Instructions for the task:
Take from the entries below the stretch from the line with "Austin Peay State" through the line with "Embalado em tule.", and return it exactly, leaving the pictures out.

++++ Material for the task ++++

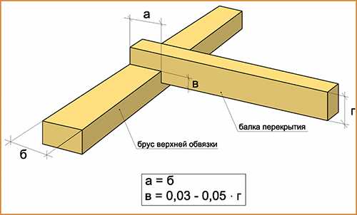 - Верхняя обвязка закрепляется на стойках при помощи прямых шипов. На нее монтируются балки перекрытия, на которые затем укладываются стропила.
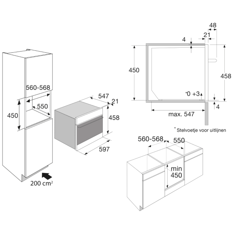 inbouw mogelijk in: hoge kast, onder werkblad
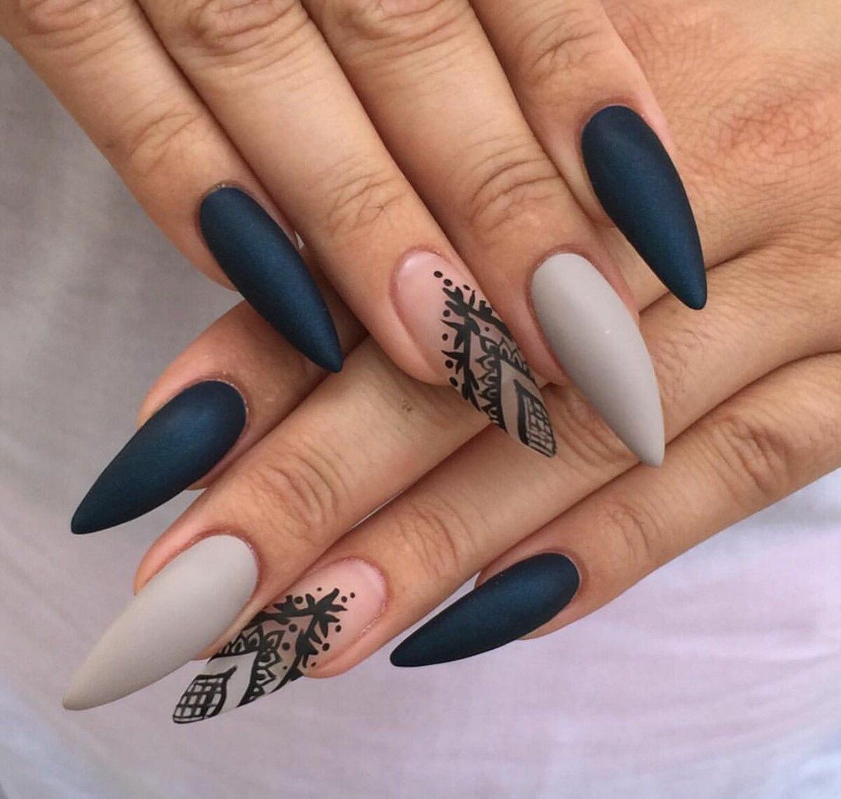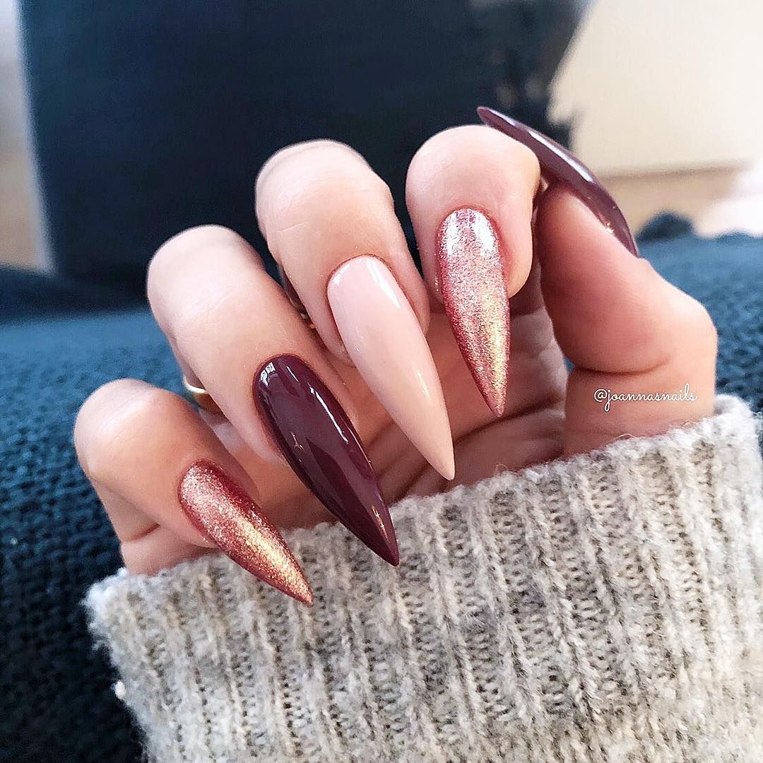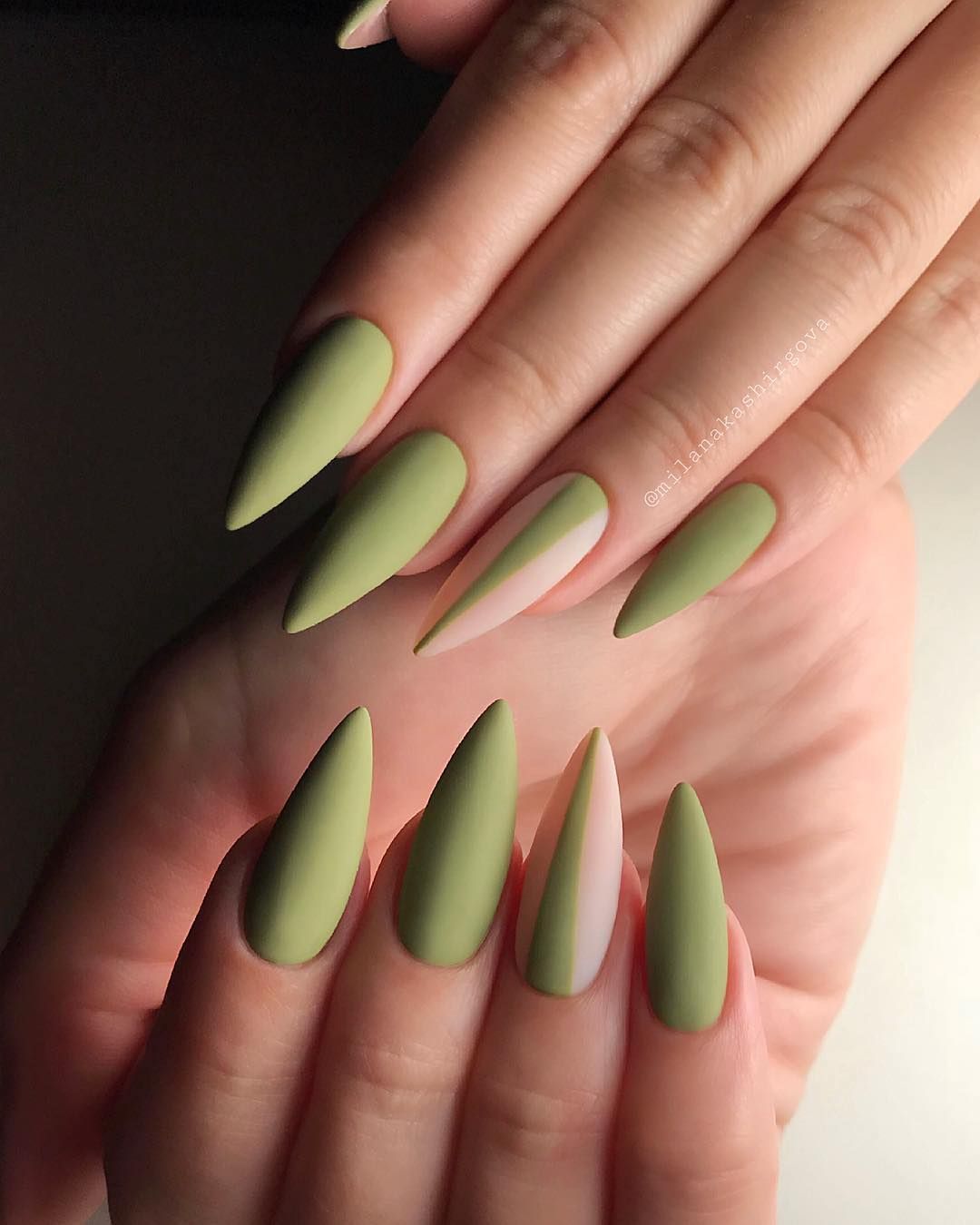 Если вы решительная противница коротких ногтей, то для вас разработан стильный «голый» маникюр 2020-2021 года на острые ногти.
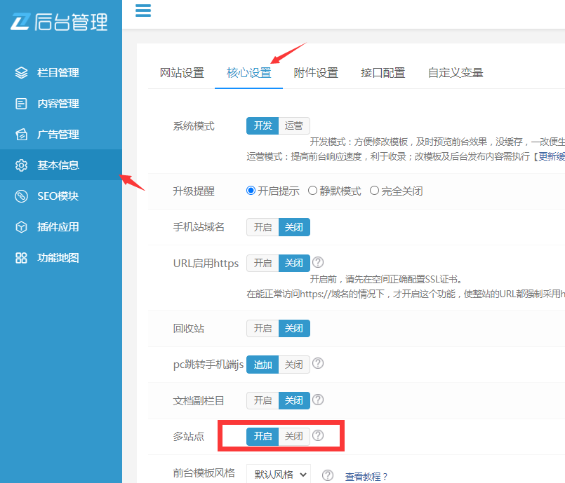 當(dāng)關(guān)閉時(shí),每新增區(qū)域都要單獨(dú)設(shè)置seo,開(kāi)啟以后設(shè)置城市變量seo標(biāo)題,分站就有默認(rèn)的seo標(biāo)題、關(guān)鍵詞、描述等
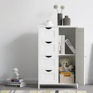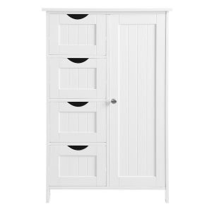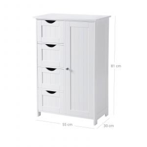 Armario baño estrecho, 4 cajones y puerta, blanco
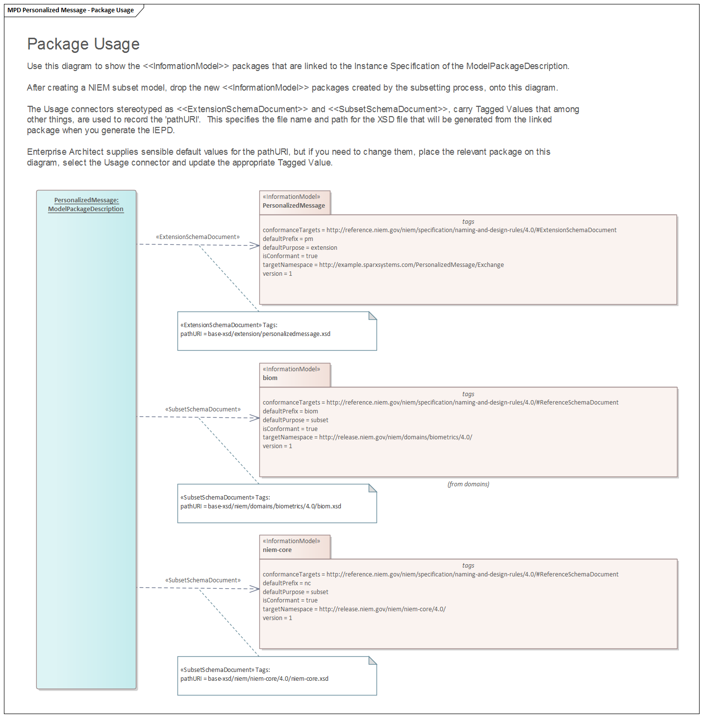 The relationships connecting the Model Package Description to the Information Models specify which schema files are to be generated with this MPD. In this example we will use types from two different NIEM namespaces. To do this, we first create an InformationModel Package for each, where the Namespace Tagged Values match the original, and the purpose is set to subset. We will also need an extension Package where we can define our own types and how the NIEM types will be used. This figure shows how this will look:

++++
++++ Material for the task ++++

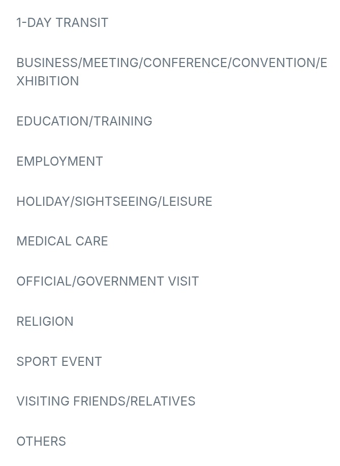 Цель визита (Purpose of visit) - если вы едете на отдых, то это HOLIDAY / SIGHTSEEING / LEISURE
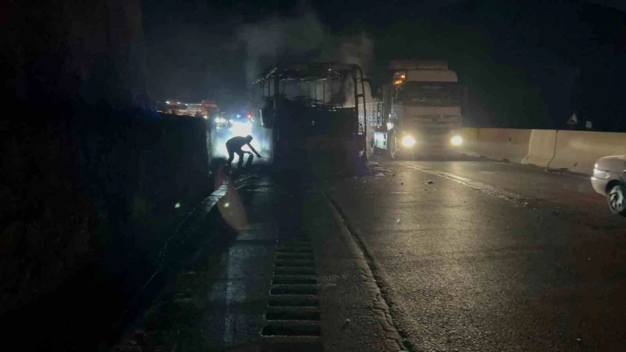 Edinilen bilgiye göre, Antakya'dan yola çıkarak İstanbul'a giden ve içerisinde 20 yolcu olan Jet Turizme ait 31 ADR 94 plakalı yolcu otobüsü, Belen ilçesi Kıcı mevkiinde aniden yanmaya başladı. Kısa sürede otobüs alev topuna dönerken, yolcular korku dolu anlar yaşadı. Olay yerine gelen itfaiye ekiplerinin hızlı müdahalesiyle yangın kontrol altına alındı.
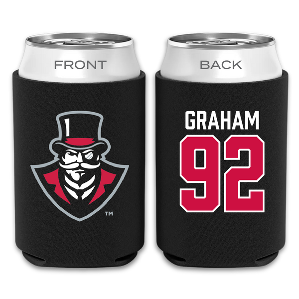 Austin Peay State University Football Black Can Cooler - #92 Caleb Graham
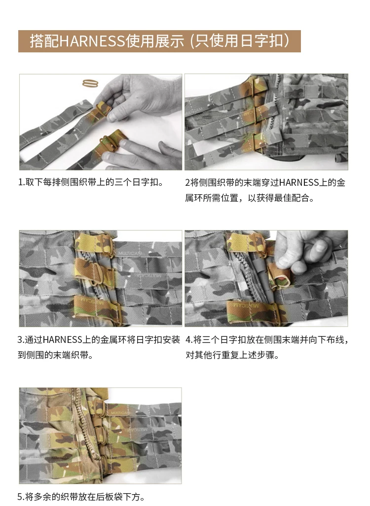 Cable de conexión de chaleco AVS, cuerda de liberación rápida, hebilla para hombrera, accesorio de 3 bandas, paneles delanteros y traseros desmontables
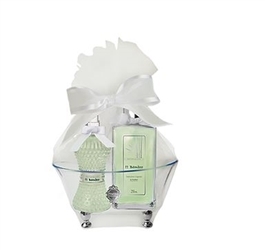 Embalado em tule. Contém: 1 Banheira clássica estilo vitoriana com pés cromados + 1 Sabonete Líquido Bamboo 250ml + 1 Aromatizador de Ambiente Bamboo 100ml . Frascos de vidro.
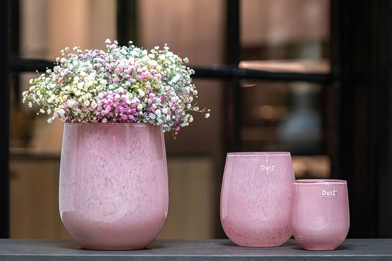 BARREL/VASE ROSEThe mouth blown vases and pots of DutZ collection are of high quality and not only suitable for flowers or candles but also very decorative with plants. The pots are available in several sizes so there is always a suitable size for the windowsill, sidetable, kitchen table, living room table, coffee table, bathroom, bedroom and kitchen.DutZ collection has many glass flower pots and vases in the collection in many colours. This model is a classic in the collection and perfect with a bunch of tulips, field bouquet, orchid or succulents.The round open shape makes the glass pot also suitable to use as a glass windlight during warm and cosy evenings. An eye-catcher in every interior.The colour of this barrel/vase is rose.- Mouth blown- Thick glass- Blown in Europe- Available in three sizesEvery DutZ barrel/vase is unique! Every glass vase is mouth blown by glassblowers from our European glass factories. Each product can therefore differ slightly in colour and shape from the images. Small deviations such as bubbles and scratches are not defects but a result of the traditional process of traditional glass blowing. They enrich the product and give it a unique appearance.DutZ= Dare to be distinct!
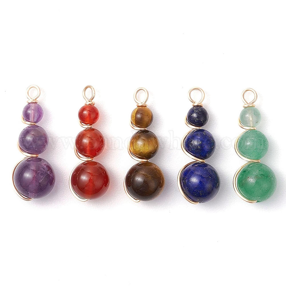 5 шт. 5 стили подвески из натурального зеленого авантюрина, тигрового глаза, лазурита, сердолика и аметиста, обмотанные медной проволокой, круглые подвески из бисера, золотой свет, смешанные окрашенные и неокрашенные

++++

Exercise response:
 Austin Peay State University Football Black Can Cooler - #92 Caleb Graham
 Cable de conexión de chaleco AVS, cuerda de liberación rápida, hebilla para hombrera, accesorio de 3 bandas, paneles delanteros y traseros desmontables
 Embalado em tule. Contém: 1 Banheira clássica estilo vitoriana com pés cromados + 1 Sabonete Líquido Bamboo 250ml + 1 Aromatizador de Ambiente Bamboo 100ml . Frascos de vidro.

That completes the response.